Question: How to do that on a Spark Dataframe in an efficient way?
Spark DataFrame is simply not a good choice for an operation like this one. In general SQL primitives won't be expressive enough and PySpark DataFrame doesn't provide low level access required to implement it.
While re-sampling can be easily represented using epoch / timestamp arithmetics. With data like this:
from pyspark.sql.functions import col, max as max_, min as min_
df = (spark
.createDataFrame([
("2012-06-13", 0.694), ("2012-06-20", -2.669), ("2012-06-27", 0.245)],
["ts", "val"])
.withColumn("ts", col("ts").cast("date").cast("timestamp")))
we can re-sample input:
day = 60 * 60 * 24
epoch = (col("ts").cast("bigint") / day).cast("bigint") * day
with_epoch = df.withColumn("epoch", epoch)
min_epoch, max_epoch = with_epoch.select(min_("epoch"), max_("epoch")).first()
and join with reference:
# Reference range
ref = spark.range(
min_epoch, max_epoch + 1, day
).toDF("epoch")
(ref
.join(with_epoch, "epoch", "left")
.orderBy("epoch")
.withColumn("ts_resampled", col("epoch").cast("timestamp"))
.show(15, False))
## +----------+---------------------+------+---------------------+
## |epoch |ts |val |ts_resampled |
## +----------+---------------------+------+---------------------+
## |1339459200|2012-06-13 00:00:00.0|0.694 |2012-06-12 02:00:00.0|
## |1339545600|null |null |2012-06-13 02:00:00.0|
## |1339632000|null |null |2012-06-14 02:00:00.0|
## |1339718400|null |null |2012-06-15 02:00:00.0|
## |1339804800|null |null |2012-06-16 02:00:00.0|
## |1339891200|null |null |2012-06-17 02:00:00.0|
## |1339977600|null |null |2012-06-18 02:00:00.0|
## |1340064000|2012-06-20 00:00:00.0|-2.669|2012-06-19 02:00:00.0|
## |1340150400|null |null |2012-06-20 02:00:00.0|
## |1340236800|null |null |2012-06-21 02:00:00.0|
## |1340323200|null |null |2012-06-22 02:00:00.0|
## |1340409600|null |null |2012-06-23 02:00:00.0|
## |1340496000|null |null |2012-06-24 02:00:00.0|
## |1340582400|null |null |2012-06-25 02:00:00.0|
## |1340668800|2012-06-27 00:00:00.0|0.245 |2012-06-26 02:00:00.0|
## +----------+---------------------+------+---------------------+
In Spark >= 3.1 replace
col("epoch").cast("timestamp")
with
from pyspark.sql.functions import timestamp_seconds
timestamp_seconds("epoch")
Using low level APIs it is possible to fill data like this as I've shown in my answer to Spark / Scala: forward fill with last observation. Using RDDs we could also avoid shuffling data twice (once for join, once for reordering).

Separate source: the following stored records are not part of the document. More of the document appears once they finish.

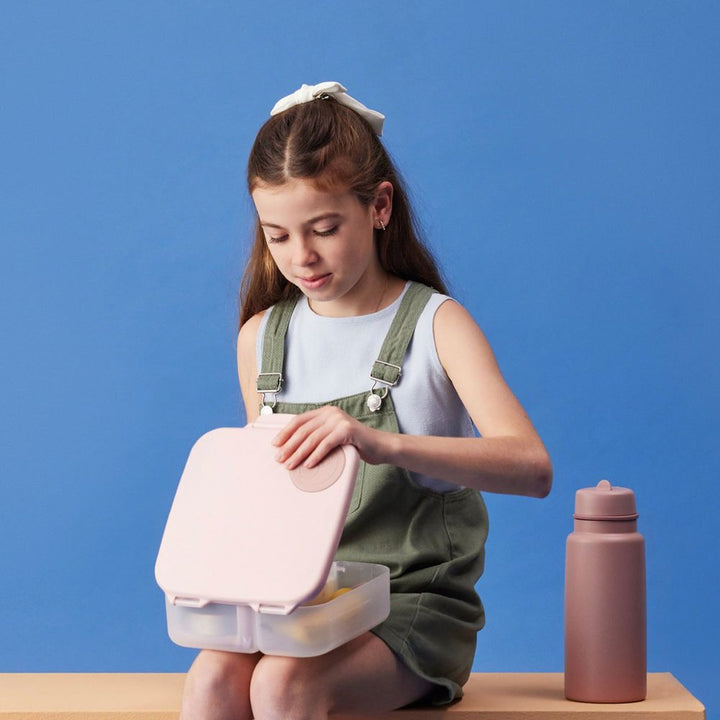 Kids love different choices throughout the day, so b.box designed a lunchbox that offers parents and kids more flexibility. The lunchbox features a large compartment that fits a whole sandwich. Plus, sitting underneath the tray is an included gel cooler pack to keep food fresher and cooler for longer. Or, remove the sandwich tray and the compartment now easily fits pasta and salads. Its unique flexi whole fruit holder lets you store a whole apple, as the stretchy seal bends around the shape of your fruit – no need to cut fruit into smaller sizes! Leak-proof silicone seals lets you store wet foods like watermelon and yoghurts (no liquids). The custom divider slides across enabling parents to adjust the compartment size as they need, or remove it to fit a whole banana or wrap.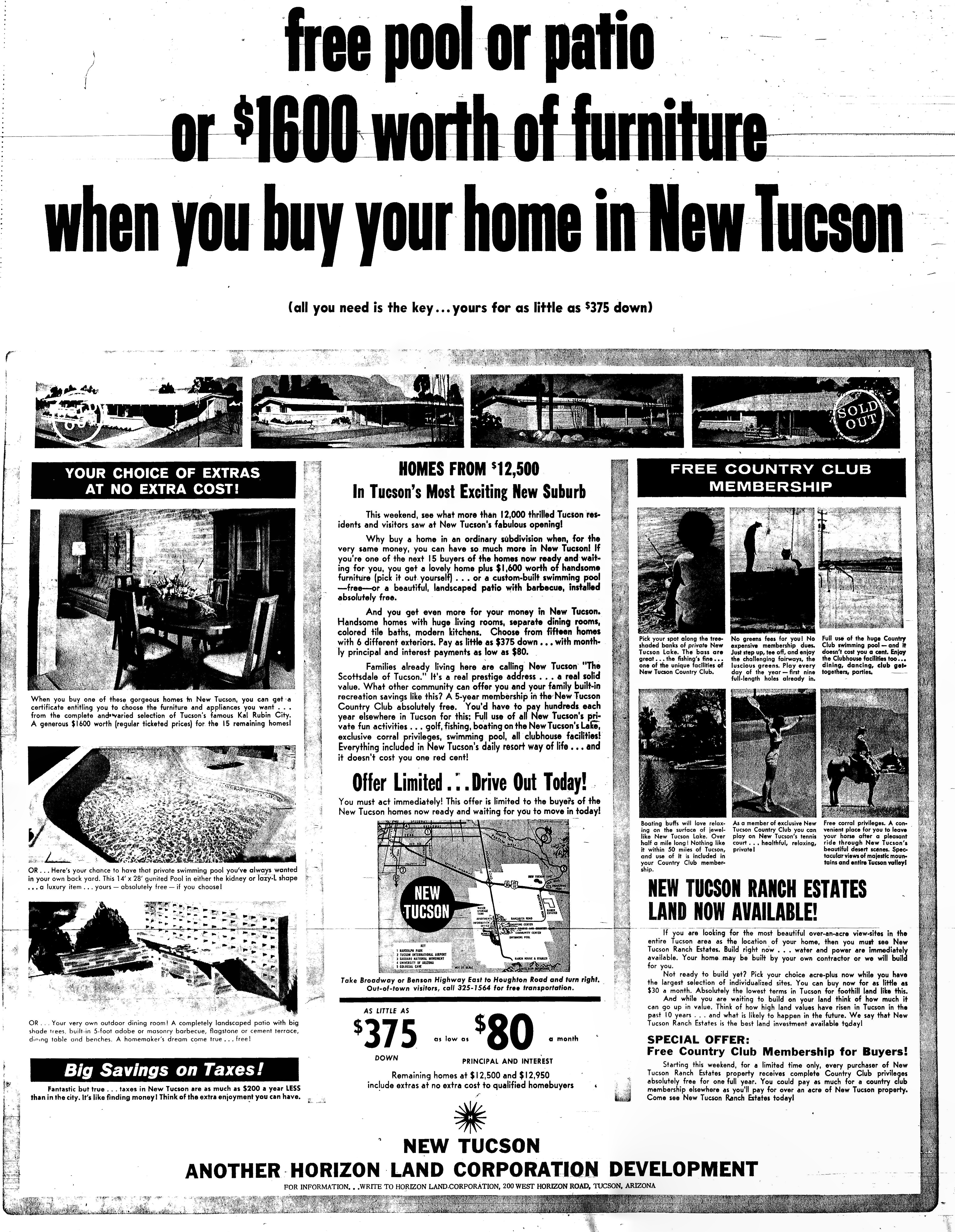 I’ve been studying the Federal Trade Commission Complaint against Horizon Corporation, which was responsible for developing New Tucson, key words to search in the 500-page document is “improvement.” It appears from the Complaint that Horizon deceived buyers into thinking there would be improvements on their lots. Pima County no longer approves a subdivision without utilities and roads.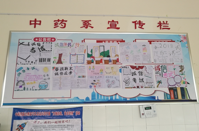 隨著期末考試的臨近,為營造良好的考試氛圍、凈化考場環境、杜絕有失誠信的舞弊行為,6月20日中藥系開展了有關 “誠信考試,從我做起”主題活動。主要包括誠信考試手抄報展示、橫幅、宣傳海報等活動。

But there is much more important problem here. Spark performs optimally when problem can be reduced to element wise or partition wise computations. While forward fill is the case when it is possible, as far as I am aware this is typically not the case with commonly used time series models and if some operation requires a sequential access then Spark won't provide any benefits at all.
So if you work with series which are large enough to require distributed data structure you'll probably want to aggregate it to some object that can be easily handled by a single machine and then use your favorite non-distributed tool to handle the rest.
If you work with multiple time series where each can be handled in memory then there is of course sparkts, but I know you're already aware of that.

I once answered a similar question, it'a bit of a hack but the idea makes sense in your case. Map every value on to a list, then flatten the list vertically.
From: Inserting records in a spark dataframe:
You can generate timestamp ranges, flatten them and select rows
import pyspark.sql.functions as func
from pyspark.sql.types import IntegerType, ArrayType
a=sc.parallelize([[670098928, 50],[670098930, 53], [670098934, 55]])\
.toDF(['timestamp','price'])
f=func.udf(lambda x:range(x,x+5),ArrayType(IntegerType()))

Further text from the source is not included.